La notion de DRIL a été introduite récemment. Elle est définie comme l’extension horizontale en micromètres de la zone au sein de laquelle les limites entre le complexe plexiforme interne-cellules ganglionnaires, nucléaire interne et plexiforme externe ne peuvent pas être identifiées (figure 2). La présence d’un DRIL est évaluée de façon indépendante de celle de l’œdème. Les DRIL ont également été suggérés comme étant de potentiels biomarqueurs de l’inflammation car ces derniers sont améliorés par un traitement par dexaméthasone. La présence d’un DRIL initial, quel que soit le traitement, semble associée à un moins bon résultat fonctionnel. Malheureusement, aucune étude à ce jour ne compare les corticoïdes aux anti-VEGF chez les patients atteints d’un OMD avec DRIL. Par ailleurs, cet outil est difficile à caractériser, particulièrement en présence d’un œdème, et sa quantification reste pour l’instant du domaine de la recherche clinique et non de la pratique courante.

Conclusion

L’objectif de ces biomarqueurs suggérés d’inflammation est de proposer à chaque patient le traitement qui paraît le plus adapté à son OMD, et donc de pratiquer une médecine personnalisée. Actuellement, seuls les PHR et la présence d’un DSR sont assez largement étudiés et pourraient constituer des biomarqueurs de l’inflammation. À l’heure actuelle, aucun de ces marqueurs n’est suffisamment robuste pour entraîner une adaptation du traitement initial de l’OMD en fonction de leur présence. C’est probablement l’intelligence artificielle appliquée à notre imagerie multimodale qui permettra de définir de nouveaux biomarqueurs jusqu’à présent non suspectés.
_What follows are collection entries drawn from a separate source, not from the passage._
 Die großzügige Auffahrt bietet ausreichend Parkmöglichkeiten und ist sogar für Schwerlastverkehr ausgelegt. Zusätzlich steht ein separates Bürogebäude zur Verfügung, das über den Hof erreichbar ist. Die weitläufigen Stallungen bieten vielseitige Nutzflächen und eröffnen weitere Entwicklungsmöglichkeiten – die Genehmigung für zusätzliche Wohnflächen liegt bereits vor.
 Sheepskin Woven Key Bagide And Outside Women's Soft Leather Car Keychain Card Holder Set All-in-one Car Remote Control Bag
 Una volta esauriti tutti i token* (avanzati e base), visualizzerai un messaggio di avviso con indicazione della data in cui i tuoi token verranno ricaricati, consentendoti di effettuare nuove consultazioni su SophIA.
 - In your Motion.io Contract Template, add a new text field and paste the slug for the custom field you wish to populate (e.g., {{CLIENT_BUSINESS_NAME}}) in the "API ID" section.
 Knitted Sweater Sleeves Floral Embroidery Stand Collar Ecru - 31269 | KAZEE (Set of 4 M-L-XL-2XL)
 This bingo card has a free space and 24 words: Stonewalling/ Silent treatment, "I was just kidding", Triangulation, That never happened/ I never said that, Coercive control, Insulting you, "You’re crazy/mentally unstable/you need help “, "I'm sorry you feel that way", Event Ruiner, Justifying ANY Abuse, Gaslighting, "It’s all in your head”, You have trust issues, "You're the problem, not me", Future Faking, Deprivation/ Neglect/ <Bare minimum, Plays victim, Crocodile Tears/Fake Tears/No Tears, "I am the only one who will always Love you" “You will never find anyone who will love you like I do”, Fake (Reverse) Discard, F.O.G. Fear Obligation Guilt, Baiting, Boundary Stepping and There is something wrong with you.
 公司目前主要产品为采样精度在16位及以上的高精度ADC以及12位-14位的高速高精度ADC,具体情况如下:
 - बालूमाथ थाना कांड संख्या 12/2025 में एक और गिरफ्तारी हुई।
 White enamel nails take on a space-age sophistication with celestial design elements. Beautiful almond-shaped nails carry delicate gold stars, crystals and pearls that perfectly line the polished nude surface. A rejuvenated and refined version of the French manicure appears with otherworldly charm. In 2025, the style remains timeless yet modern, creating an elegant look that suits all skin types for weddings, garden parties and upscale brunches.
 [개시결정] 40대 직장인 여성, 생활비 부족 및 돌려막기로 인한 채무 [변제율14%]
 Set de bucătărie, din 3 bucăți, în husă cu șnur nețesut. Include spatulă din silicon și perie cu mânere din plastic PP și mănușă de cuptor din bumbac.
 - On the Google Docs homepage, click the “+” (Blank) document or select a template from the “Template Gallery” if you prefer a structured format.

Références bibliographiques
[1] Shen W, Lee SR, Araujo J et al. Effect of glucocorticoids on neuronal and vascular pathology in a transgenic model of selective Müller cell ablation. Glia. 2014;62(7):1110-24.
[2] Fonollosa A, Zarranz-Ventura J, Valverde A et al. Predictive capacity of baseline hyperreflective dots on the intravitreal dexamethasone implant (Ozurdex®) outcomes in diabetic macular edema: a multicenter study. Graefes Arch Clin Exp Ophthalmol. 2019;257(11): 2381-90.
[3] Schreur V, Altay L, van Asten F et al. Hyperreflective foci on optical coherence tomography associate with treatment outcome for anti-VEGF in patients with diabetic macular edema. PloS One. 2018;13(10):e0206482.
[4] Zur D, Iglicki M, Busch C et al. OCT biomarkers as functional outcome predictors in diabetic macular edema treated with dexamethasone implant. Ophthalmology. 2018;125(2):267-75.
[5] Sonoda S, Sakamoto T, Yamashita T et al. Retinal morphologic changes and concentrations of cytokines in eyes with diabetic macular edema. Retina. 2014;34(4):741-8.
[6] Demircan A, Ozkaya A, Alkin Z et al. Comparison of the effect of ranibizumab and dexamethasone implant on serous retinal detachment in diabetic macular edema. J Fr Ophtalmol. 2018;41(8):733-8.
[7] Ozsaygili C, Duru N. Comparison of intravitreal dexamethasone implant and aflibercept in patients with treatment-naive diabetic macular edema with serous retinal detachment. Retina. 2019;doi: 10.1097/IAE.